Keywords: Dynamical Systems, Multi-Agent Reinforcement Learning, Temporal-Difference Learning, Partial Observability
TL;DR: To bridge complex systems science and multi-agent machine learning we present a mathematically efficient description of multi-agent reinforcement learning under partial observability as a deterministic dynamical system.
Abstract: Complex adaptive systems occur in all domains across all scales, from cells to societies. The question, however, of how the various forms of collective behavior can emerge from individual behavior and feedback to influence those individuals remains open. Complex systems theory focuses on emerging patterns from deliberately simple individuals. Fields such as machine learning and cognitive science emphasize individual capabilities without considering the collective level much.
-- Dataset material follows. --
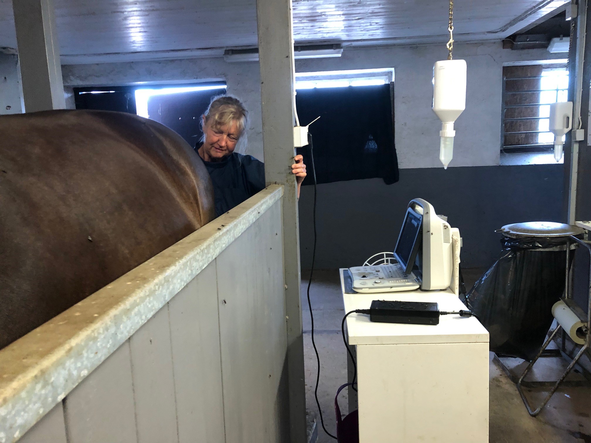 - Hon är dräktig, men fosterblåsan ”gömmer sig”. En anledning till att man inte hittar den skulle kunna vara att hon släppte ytterligare ett ägg i samband med insemineringen, och att det är det ägget som har blivit befruktat. I så fall skulle hon kunna vara lite senare i cykeln än beräknat. Sen har hon också en livmoder som lutar lite, och det är därför svårt att se hur den ser ut ”längst bak” om jag förstod det rätt. Hon var ju såklart kissnödig också, som alla andra gånger, och fick pausa i en box för att kissa innan veterinären kunde kika vidare.

To date, however, little work went into modeling the effects of changing and uncertain environments on emergent collective behavior from individually self-learning agents. To this end, we derive and present deterministic memory mean-field temporal-difference reinforcement learning dynamics where the agents only partially observe the actual state of the environment. This paper aims to obtain an efficient mathematical description of the emergent behavior of biologically plausible and parsimonious learning agents for the typical case of environmental and perceptual uncertainty. We showcase the broad applicability of our dynamics across different classes of agent-environment systems, highlight emergent effects caused by partial observability and show how our method enables the application of dynamical systems theory to partially observable multi-agent learning. The presented dynamics have the potential to become a formal yet practical, lightweight, and robust tool for researchers in biology, social science, and machine learning to systematically investigate the effects of interacting partially observant agents.